España suspende en educación financiera: el ahorro se estanca fuera de la bolsa

Solo el 12,5% del patrimonio de las familias españolas está expuesto a renta variable, frente al 55% de los hogares en EE.UU.

Apenas uno de cada diez españoles participa en los mercados bursátiles, una cifra que sitúa a España a la cola del mundo desarrollado en cultura de inversión. Según datos de Norz Patrimonia correspondientes al periodo 2024-2025, el patrimonio financiero de las familias españolas en bolsa es del 12,5%, una cifra ínfima comparada con el 55% de Estados Unidos, el 49% de Canadá o el 37% de Australia. Incluso dentro del contexto europeo, España se ve superada por Suecia (22%), Francia (15,1%) y Alemania (14,2%), evidenciando un déficit estructural en la planificación patrimonial que prioriza depósitos bancarios y activos inmobiliarios sobre la renta variable.

Rafael Rabat, socio director de Norz Patrimonia, señala que esta brecha no responde a la falta de renta, sino a una carencia de conocimiento financiero que asocia el mercado bursátil exclusivamente al riesgo. Mientras el mercado estadounidense ha generado rentabilidades anualizadas cercanas al 17% en la última década, la bolsa española apenas ha ofrecido un rendimiento del 1,65%. Actualmente, España cuenta con unos 6 millones de inversores (directos e indirectos), una cifra muy alejada de los 185 millones de EE.UU. o los 85 millones de India, lo que subraya la necesidad de profesionalizar la gestión del ahorro mediante el asesoramiento financiero independiente.

Enlaces de interés: Norz Patrimonia | Perfil de Rafael Rabat

Impacto Económico: La baja exposición a activos productivos lastra la capitalización del ahorro privado, reduciendo la riqueza neta de las familias a largo plazo y limitando el flujo de capital hacia el tejido empresarial cotizado, lo que frena la competitividad del PIB frente a economías con mercados de capitales dinámicos.

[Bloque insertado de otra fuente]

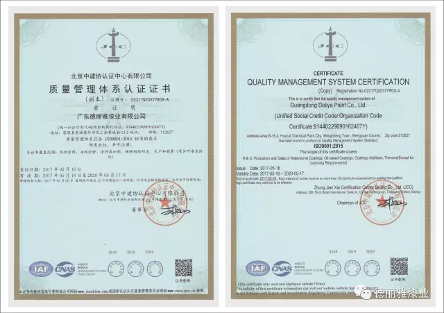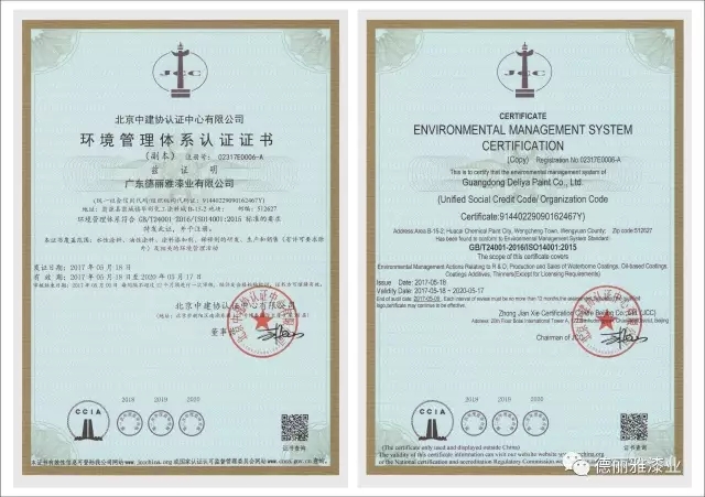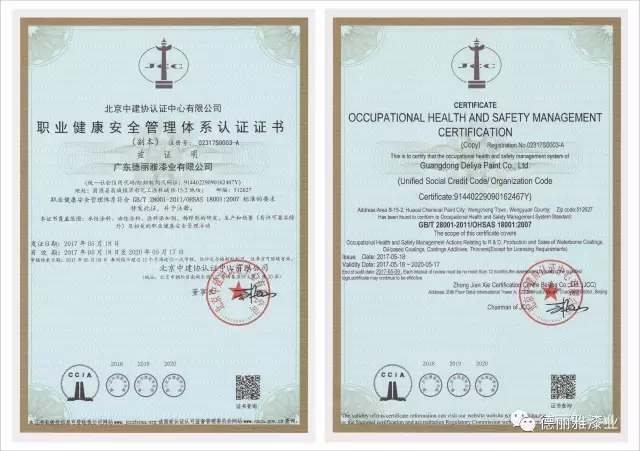 2017年5月,廣東德麗雅漆業有限公司正式通過ISO9001(質量管理體系)、ISO14001(環境管理體系)、OHSAS18001(職業健康安全管理體系)三大體系的認證隨著認證的正式通過,我公司的產品質量將有一個更穩定的保障,也會促進公司管理的提高與規范。

El Zoom de Javier: Del ahorro estático a la inversión estratégica

El miedo al mercado es el impuesto invisible que paga el empresario español; delegar el capital en depósitos es garantizar una pérdida de poder adquisitivo frente a la inflación. La oportunidad reside en profesionalizar la tesorería y el ahorro patrimonial: pasar de «tener dinero en el banco» a gestionar una cartera diversificada que trabaje con la misma eficiencia que tu propio negocio.

Invertir es el arte de poner el dinero a trabajar para que, algún día, tú puedas dejar de hacerlo.